Methods and Fabrication
The basis of the processing sequence is explained in detail in . We pre-structured the sacrificial layers on non-oxidized 4” silicon wafers lithographically by spin coating a positive photoresist, followed by UV exposure on a Karl Suss mask aligner MJB4 in hard contact mode, development, and wet chemical etching. NiTi is deposited from a 4” NiTi alloy target with an Alcatel 450 magnetron sputtering system up to a thickness of 35 µm (3.9 nm/s sputtering rate). The Ta layer is also sputter-deposited (between 10 and 20 µm thickness) and structured using a second lithography step. Subsequently, the device is annealed in a high-vacuum chamber in order to avoid oxidation during the annealing process. During heat treatment, the amorphous NiTi structure is crystallized to obtain superelasticity. Heat treatment was carried out by means of a halogen lamp-driven rapid thermal annealing system (Createc Fischer RTA-6 SY09). Mechanical characterization was performed in a ZwickRoell Z0.5 testing machine with 100 N force gauge and temperature chamber.
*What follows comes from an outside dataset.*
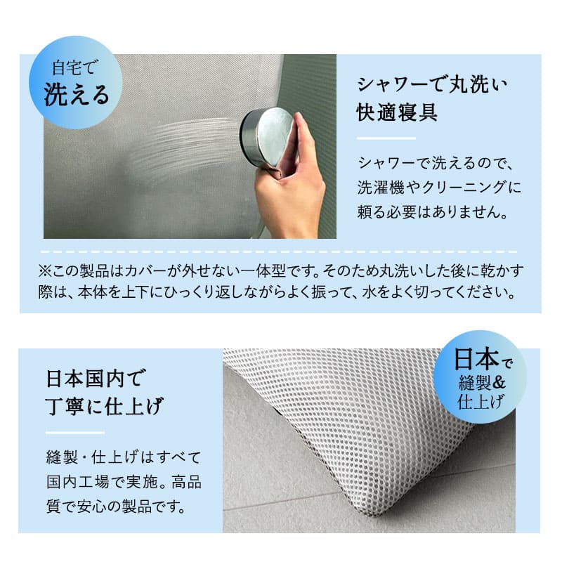 シーズンを問わず丸洗いが可能なため、汗や汚れを気にせず、いつでも清潔。衛生面を重視する方や家族での共用にも安心です。
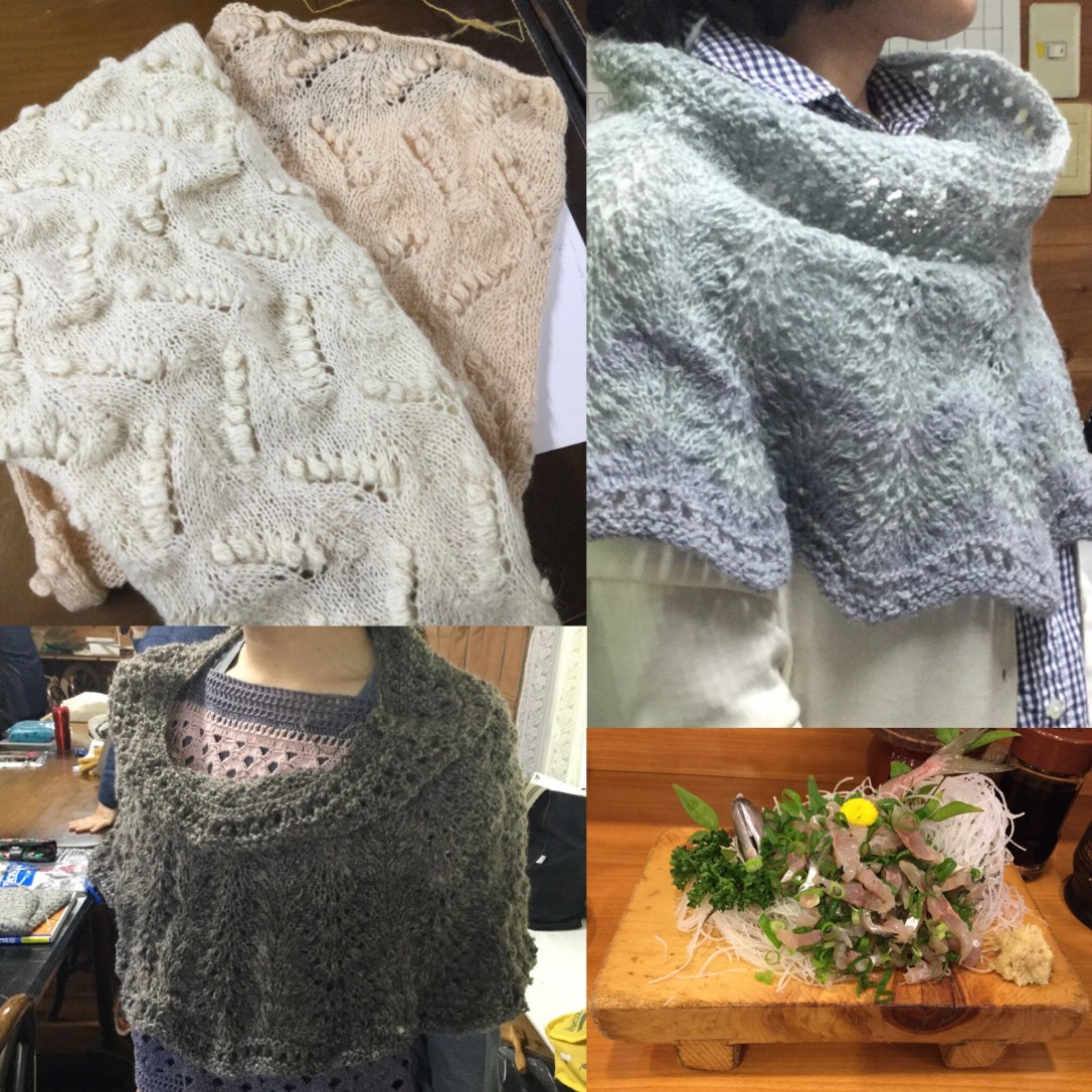 作品のシェアリングは、先生によるすずらん模様のショール2種と課題のネックウォーマー。すずらん柄は単糸などの細い糸がオススメ。ネックウォーマーはさまざまなサイズに仕上がっていましたが、ショールとして使うにはとても素敵だと思います。私は模様も減らしネックウォーマーサイズに編み直しましたが、失敗かと思ってもそれなりの風合いが出てくるものだとつくづく思いました。

A self-built micro tensile tester consisting of an actuator (Pi M226-26S) and a Dysinet load cell DS011A9-100 N was mounted under a Zeiss Axiomat polarization microscope which enabled the simultaneous acquisition of stress–strain curves and surface images of the tensile specimen. A Gamry interface 1000 potentiostat was used for corrosion tests. The latter was conducted in Hanks’ solution using a three-electrode setup with a platinum sheet (7 mm × 40 mm) as counter electrode and a Ag/AgCl reference electrode (Haber–Luggin capillary), in accordance to ASTM standard . A constant temperature of 37 °C and a constant pH value of 7.4 were maintained throughout the experiment, the latter was controlled using a carbon dioxide–sodium bicarbonate (0.35 g/l) buffer system. A more detailed description of the corrosion setup can be found in . XRD investigations of sputtered Ta films were performed with a Seifert XRD 3003 4-circle system with Cu Kα radiation. The X-ray visibility tests were performed with a Siemens Fluorospot compact.
Results and Discussion
For X-ray visibility tests, test structures as shown in the inset of Fig. 2 were fabricated, with three rows of Ta dots with increasing diameter (from left to right), followed by three stripes. Three different Ta thicknesses (10, 15, and 20 µm) were deposited. The Ta pattern is visible in all three radiographs; however, they become more distinct with increasing Ta thickness. For 20-µm Ta, the pattern can be clearly recognized, also by the difference in gray value. For image analysis, squares of 300 × 300 pixels have been extracted, and the difference between the mean gray value of the image and a rectangular area, ranging from left to right, containing the NiTi–Ta test pad, was calculated. Brightness and contrast of the original X-ray image were not changed. As expected, the difference in gray value increases with increasing Ta thickness and reaches ~15% for 20-µm Ta structures. Figure 2c shows the same behavior for 10-µm-thick NiTi stent structures. Without Ta, this stent structure is invisible in the radiograph. Ta in rectangular shapes (20 µm × 300 µm, ~600 rectangles) was deposited on certain areas of the stent struts, again with different Ta thicknesses of 10, 15, and 20 µm. The radiographs show the increasing radiopacity of the multilayer stents.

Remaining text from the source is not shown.